You have the source!
Yes, of course.
(dolist (onewline '(:unix :dos :mac))
(with-open-file (out "test.txt" :direction :output
:if-does-not-exist :create :if-exists :supersede
:external-format (ext:make-encoding
:charset charset:iso-8859-1
:line-terminator onewline))
(format out "line1~%line2~%"))
(with-open-file (in "test.txt" :direction :input
:element-type '(unsigned-byte 8))
(loop for byte = (read-byte in nil nil)
while byte do (format t "~2,'0X " byte)
finally (format t "~%")))
(dolist (inewline '(:unix :dos :mac))
(with-open-file (in "test.txt" :direction :input
:external-format (ext:make-encoding
:charset charset:iso-8859-1
:line-terminator inewline))
(let ((line1 (read-line in))
(line2 (read-line in)))
(format t "written as ~6A, read as ~6A: ~{~% ~3D ~S~}~%"
onewline inewline
(list (length line1) line1
(length line2) line2))))))
6C 69 6E 65 31 0A 6C 69 6E 65 32 0A
written as UNIX , read as UNIX :
5 "line1"
5 "line2"
written as UNIX , read as DOS :
5 "line1"
5 "line2"
written as UNIX , read as MAC :
5 "line1"
5 "line2"
6C 69 6E 65 31 0D 0A 6C 69 6E 65 32 0D 0A
written as DOS , read as UNIX :
5 "line1"
5 "line2"
written as DOS , read as DOS :
5 "line1"
5 "line2"
written as DOS , read as MAC :
5 "line1"
5 "line2"
6C 69 6E 65 31 0D 6C 69 6E 65 32 0D
written as MAC , read as UNIX :
5 "line1"
5 "line2"
written as MAC , read as DOS :
5 "line1"
5 "line2"
written as MAC , read as MAC :
5 "line1"
5 "line2"
NIL
--
__Pascal Bourguignon__ http://www.informatimago.com/
The mighty hunter
Returns with gifts of plump birds,
Your foot just squashed one.
Pascal Bourguignon <···@informatimago.com> writes:
>
> ···@sevak.isi.edu (Thomas A. Russ) writes:
> >
> > But what does it get for the second line?

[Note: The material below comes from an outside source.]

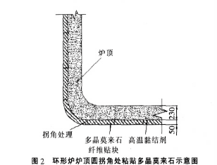 (8)爐頂圓拐角處粘貼多晶莫來石纖維貼塊,應(yīng)將貼塊按圓角處的形狀現(xiàn)場彎曲成原爐襯圓角形狀,確保貼塊的粘貼強度和此處的密閉、保溫效果,如圖2所示。

Does it get those correct as well!
>
> You have the source!
Yes, but not the clisp implementation to run it on....
> Yes, of course.
Cool. I wish this were more universally true, both across Common Lisp
implementations and across other languages as well.
--
Thomas A. Russ, USC/Information Sciences Institute
On 12 May 2005 10:47:10 -0700, <·····@yahoo.com> wrote:
> Could someone suggest a way to distinguish between the two newlines
> so that read-line grabs everything from the stream that I want it to?
> How would you parse them if there is no way to make read-line work?
Emacs.
Emacs will convert text files, can be run from the command line, etc.
--
Everyman has three hearts;
one to show the world, one to show friends, and one only he knows.